The Occular system targets patients whose vision loss cannot be treated using existing approaches such as retinal implants or therapies targeting the optic nerve. Instead of stimulating the eye, the device interfaces directly with the brain’s visual cortex, bypassing damaged ocular structures.
According to ReVision, the Occular system uses a miniature camera mounted on a wireless headset to capture visual information from the user’s surroundings. The captured data is then transmitted to a brain implant, which stimulates neurons in the visual cortex in specific patterns. These patterns are interpreted by the brain as points of light, which combine to form simple visual representations. While the technology does not aim to restore normal sight, the resulting signals could allow users to identify objects, perceive obstacles, and navigate their environment.

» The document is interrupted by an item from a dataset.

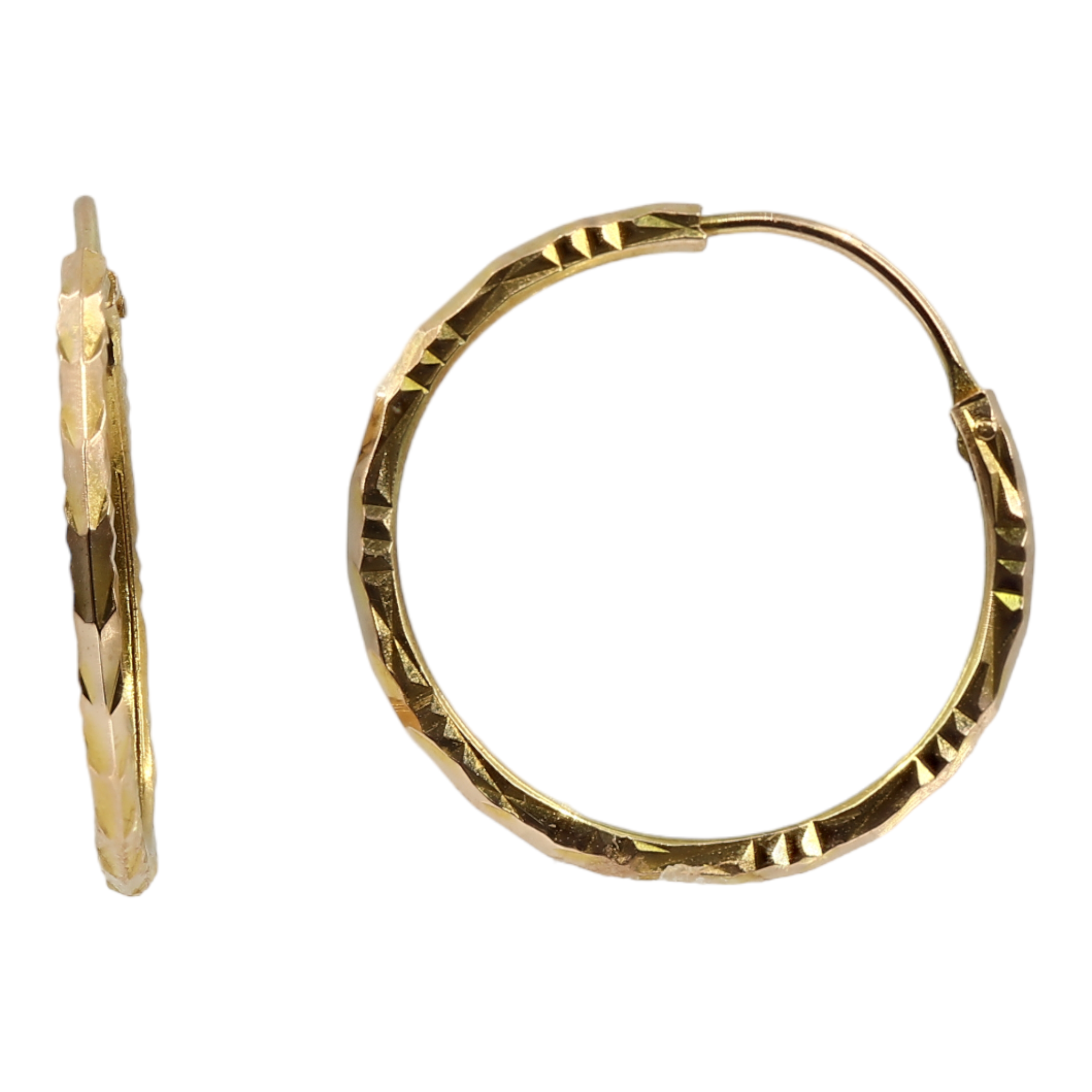 Adorne con nuestros aretes tipo argolla decorativos de oro amarillo de 18k para mujer. Estas piezas atemporales cuentan con un elegante diámetro de 17 mm, complementado con un diseño de aro continuo que garantiza un uso seguro. Estos aretes, hábilmente elaborados en oro amarillo de 18k, tienen un delicado peso de 1 g, que simboliza tanto la gracia como la calidad duradera. Eleva tu estilo sin esfuerzo con estos aretes de aro Deco, una combinación perfecta de sofisticación y simplicidad.

Development of the Occular system began in 2020, and the company says it has undergone extensive preclinical testing, including animal studies lasting more than 2 years. ReVision Implant says it has prioritized long-term device performance and durability from the earliest stages of development.
Receiving FDA Breakthrough Device designation provides the company with a faster and more collaborative regulatory pathway. The designation allows ReVision Implant to receive early feedback from regulators on clinical trial protocols, data requirements, and regulatory strategy, while also granting access to the FDA’s Total Product Life-Cycle Advisory Program (TAP) Pilot.
The company plans to conduct an initial short-term clinical test during a scheduled brain surgery in October 2026. If regulatory approvals are obtained, early-stage human clinical trials involving blind volunteers could begin as soon as summer 2027.
Because the implant stimulates the visual cortex directly, ReVision says the technology may be applicable to a broad range of blindness causes, including retinal degeneration and optic nerve damage. ReVision estimates that, if clinical trials are successful, the system could eventually benefit around 650,000 patients in the United States and European Union who currently have no effective treatment options.
“While cochlear implants have transformed treatment for hearing loss, there is still no widely available neuroprosthetic solution for restoring vision,” said Frederik Ceyssens, CEO of ReVision Implant. “Our aim is to provide people living with severe blindness with functional vision that improves independence and quality of life.”